- _Stored records_:
:::::

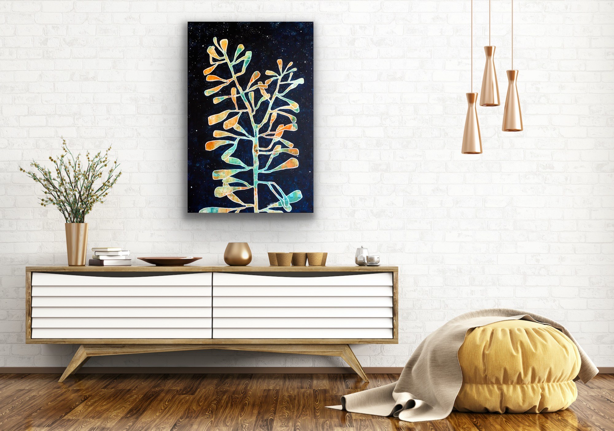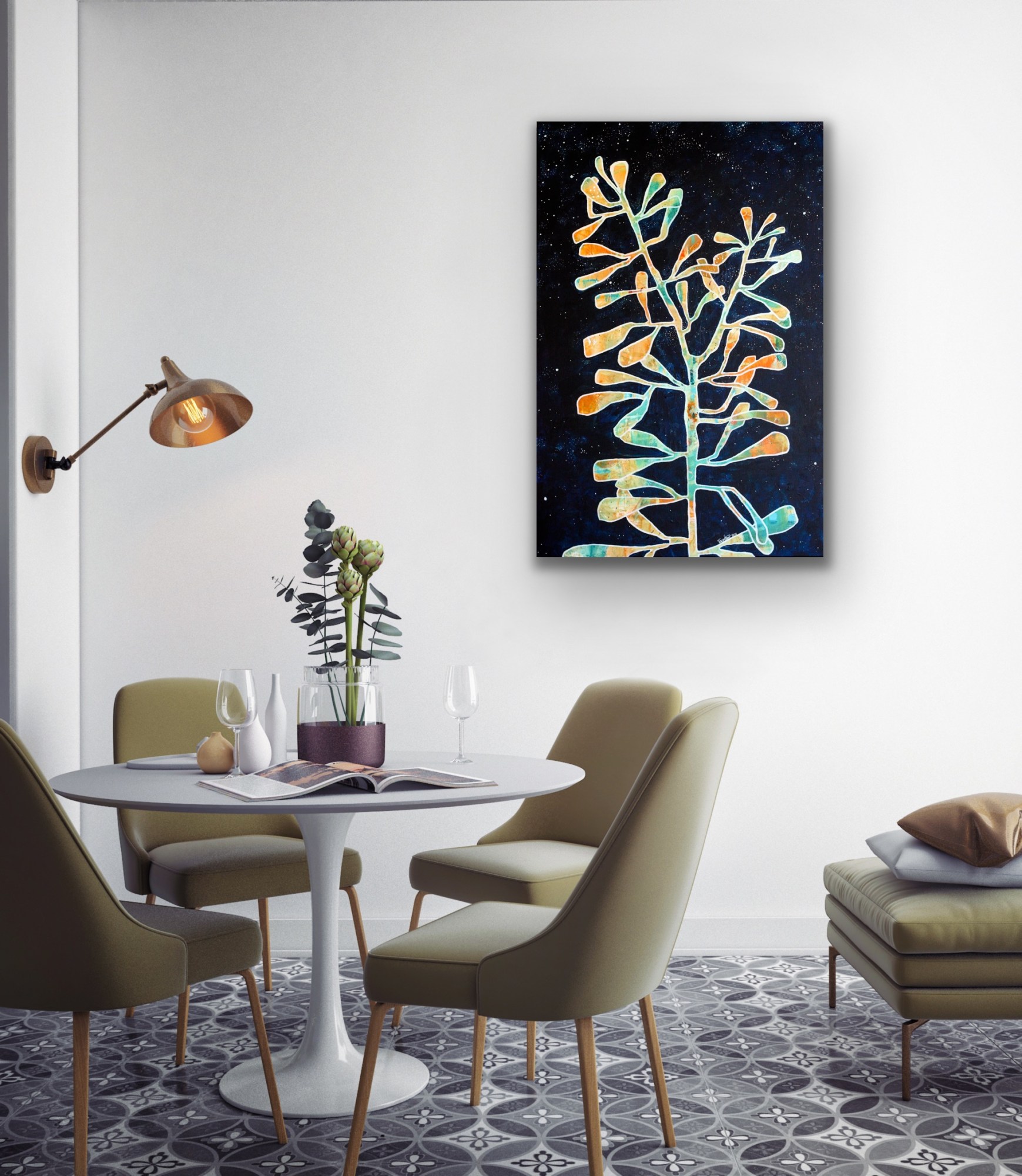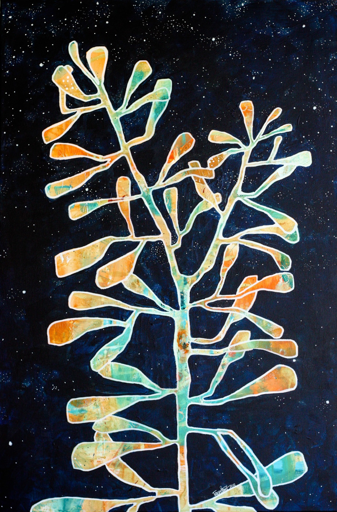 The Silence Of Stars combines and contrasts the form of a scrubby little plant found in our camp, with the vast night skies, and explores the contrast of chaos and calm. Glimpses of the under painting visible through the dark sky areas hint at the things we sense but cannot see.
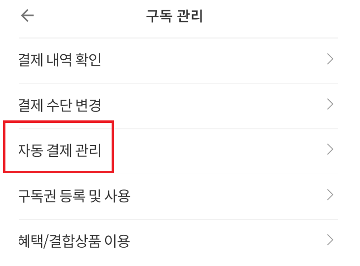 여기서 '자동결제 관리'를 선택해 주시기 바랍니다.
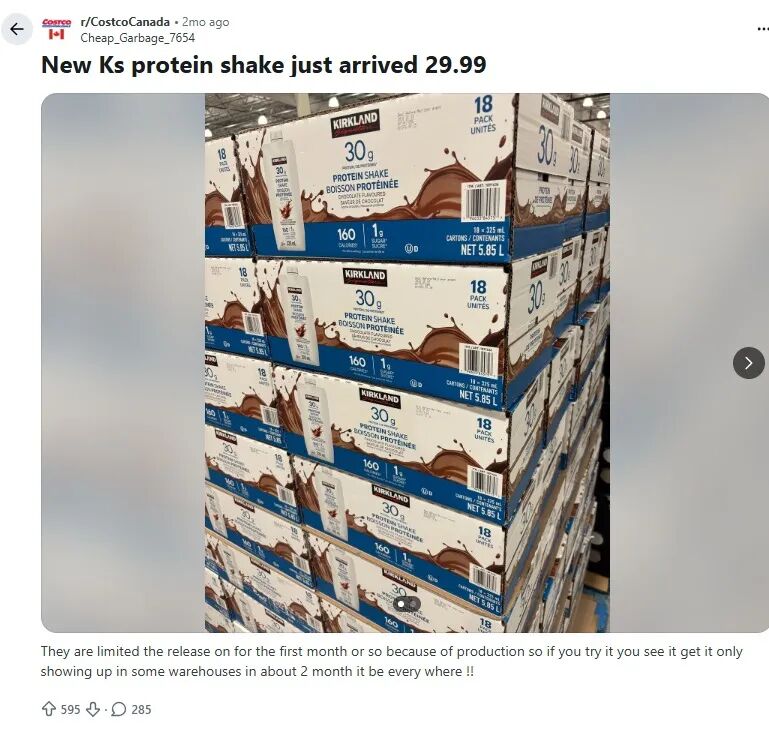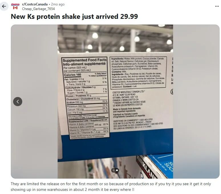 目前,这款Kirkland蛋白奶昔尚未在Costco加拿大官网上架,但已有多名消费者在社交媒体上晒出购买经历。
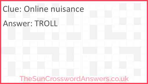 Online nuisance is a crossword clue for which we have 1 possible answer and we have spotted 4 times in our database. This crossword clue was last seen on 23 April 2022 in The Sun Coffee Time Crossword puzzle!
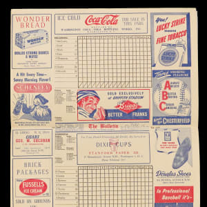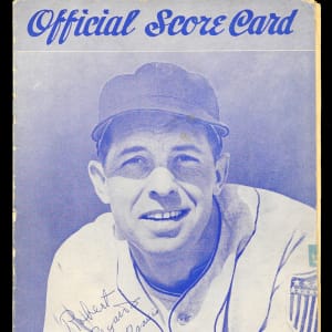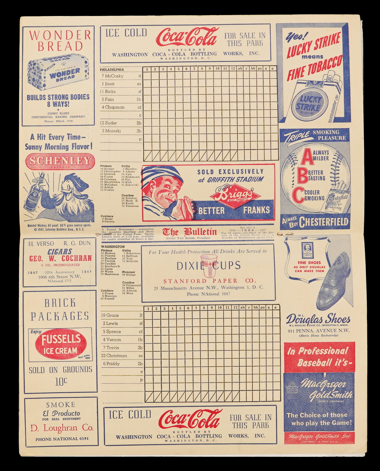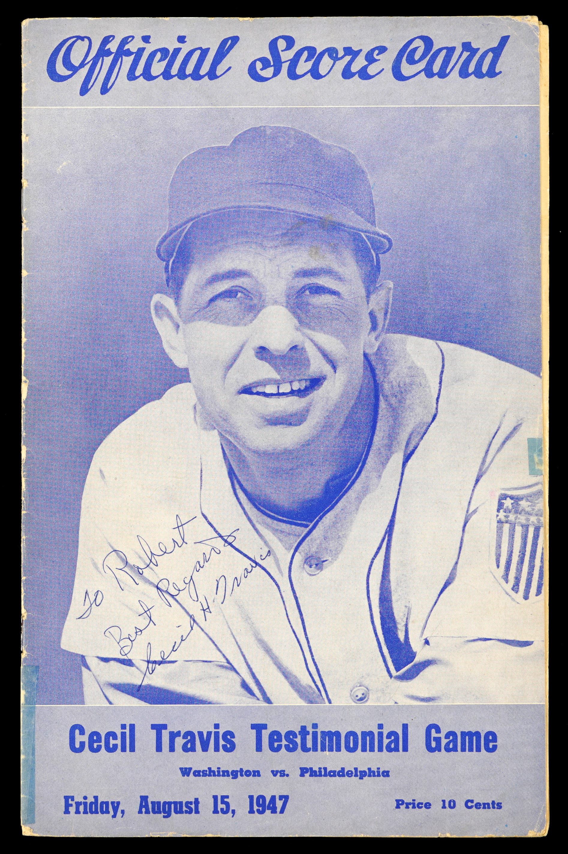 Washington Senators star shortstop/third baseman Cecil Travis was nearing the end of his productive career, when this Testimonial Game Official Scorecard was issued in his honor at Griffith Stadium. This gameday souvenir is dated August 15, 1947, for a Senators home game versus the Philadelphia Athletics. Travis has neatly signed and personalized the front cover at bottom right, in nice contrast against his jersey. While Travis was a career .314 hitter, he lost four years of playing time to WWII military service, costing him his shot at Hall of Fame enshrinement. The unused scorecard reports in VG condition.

:::::

- _Your objective_: Please extract exactly the lines of the data, from the first through the line containing "Online nuisance is", and add no pictures to the copy.

- _Solution to the problem_:
 The Silence Of Stars combines and contrasts the form of a scrubby little plant found in our camp, with the vast night skies, and explores the contrast of chaos and calm. Glimpses of the under painting visible through the dark sky areas hint at the things we sense but cannot see.
 여기서 '자동결제 관리'를 선택해 주시기 바랍니다.
 目前,这款Kirkland蛋白奶昔尚未在Costco加拿大官网上架,但已有多名消费者在社交媒体上晒出购买经历。
 Online nuisance is a crossword clue for which we have 1 possible answer and we have spotted 4 times in our database. This crossword clue was last seen on 23 April 2022 in The Sun Coffee Time Crossword puzzle!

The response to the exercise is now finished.